Not sure what else to do here.

• Hello, there are some problems with your notation. I don't know why you wrote $\beta = a_{1}v_{1}, a_{2}v_{2}, \dots, a_{n}v_{n} = 0$. In math, when writing proofs, you should write them as though you are telling a story. Here is how I would have started your proof out: "We know since $\beta$ is a linearly independent set that if $a_{1}v_{1} + a_{2}v_{2} + \dots + a_{n}v_{n} = 0$, then it must be that $a_{1} = a_{2} = \dots = a_{n} = 0$." See how the way I started the proof allows the reader to understand where I am going, and what I understand linearly independent to mean? Apr 15 '15 at 21:58
• In contrast, the first line of your proof is just math with no words, and the math seems incorrect to me, and it's hard to understand how you are starting because the way you wrote it isn't like a story. Sorry for rambling. Apr 15 '15 at 21:59
• No, you are right. I wrote that wrong. Apr 15 '15 at 22:00

Suppose $\beta=\{v_1,\ldots, v_n\}$ and $\beta'=\{v_1',\ldots, v_m'\}$. Note that these are sets of vectors, and they need not have the same size. Suppose now we have a linear combination of $\beta\cup\beta'=\{v_1,\ldots,v_n,v_1',\ldots, v_m'\}$ that equals zero, i.e. some numbers $a_1, \ldots, a_n, a_1',\ldots, a_m'$ such that $$0=a_1v_1+\cdots + a_nv_n+a_1'v_1'+\cdots +a_m'v_m'$$ The trick here is to move all the terms from $W'$ to the other side, getting $$a_1v_1+\cdots +a_nv_n=-a_1v_1'-\cdots -a_m'v_m'$$ Now, the left hand side is a linear combination of $\beta$, hence is in $W$. The right hand side is a linear combination of $\beta'$, hence is in $W'$. But their intersection is only the zero vector, hence both LHS and RHS equals zero. But now we have $a_1v_1+\cdots +a_nv_n=0$; since $\beta$ is independent in fact $a_1=a_2=\cdots=a_n=0$. Similarly, $a_1'v_1'+\cdots+a_m'v_m'=0$; since $\beta'$ is independent in fact $a_1'=\cdots=a_m'=0$.

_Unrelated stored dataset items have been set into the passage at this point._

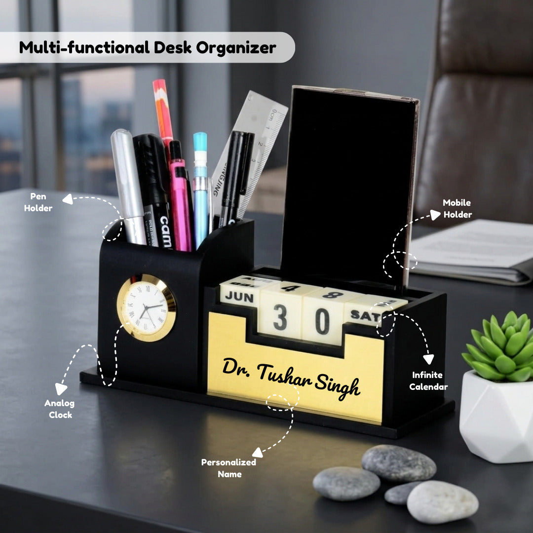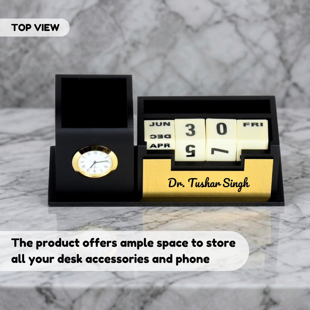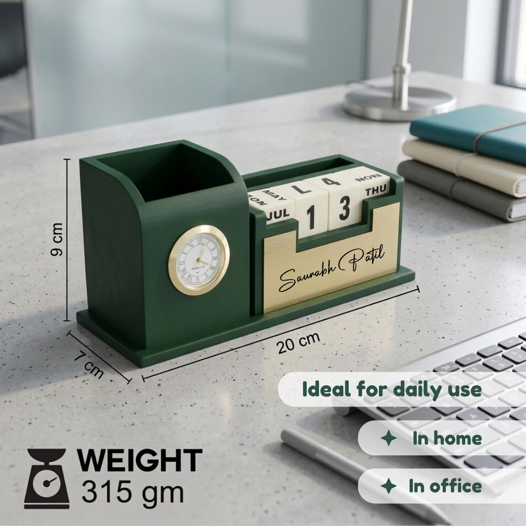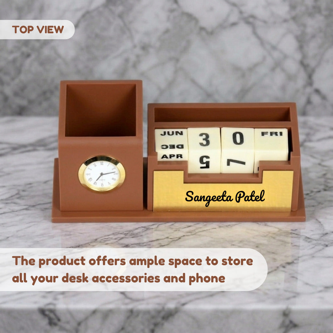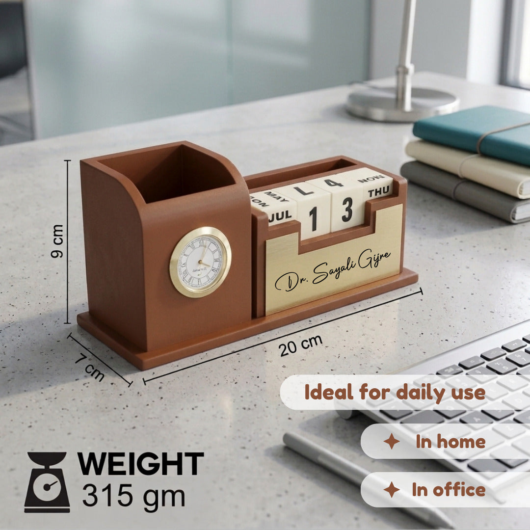 | Product Name | Personalized Desk Organizer with Inbuilt Clock and Day-Date Calendar |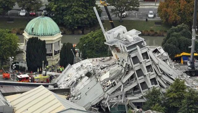 由于震源深度距离地表仅有4公里,属于浅源地震,而且余震持续很久,震中就位于Port Hills下方,直接命中整个城市。造成建筑物倒塌,道路扭曲,185人丧生。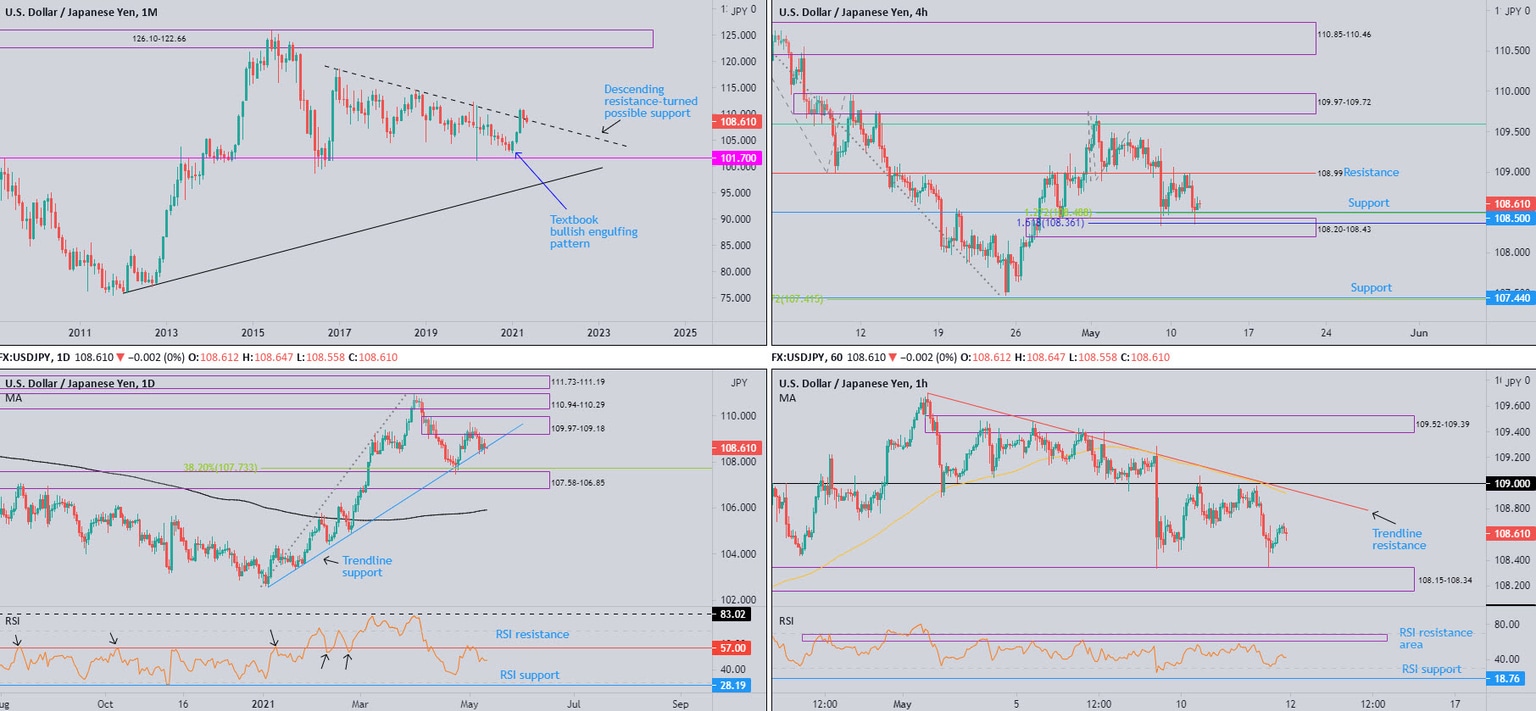 Buyers, as you can see, regained some balance after coming within a stone’s throw of support at 108.15-108.34 (glued to the underside of H4 demand at 108.20-108.43), extended from early March 2020.

Hence we have proved that all of the coefficients in our linear combination were in fact 0; hence $\beta\cup\beta'$ must be independent.
Let $\beta=\{v_1,\dots,v_s\},\beta'=\{v_1',\dots,v_t'\}$. Suppose $c_1v_1+\dots+c_sv_s+c_1'v_1'+\dots+c_t'v_t'=0$, then $c_1v_1+\dots+c_sv_s=-(c_1'v_1'+\dots+c_t'v_t')=0$ as the intersection of two spaces is $\{0\}$. Hence, all $c_i,c_i'$ are $0$.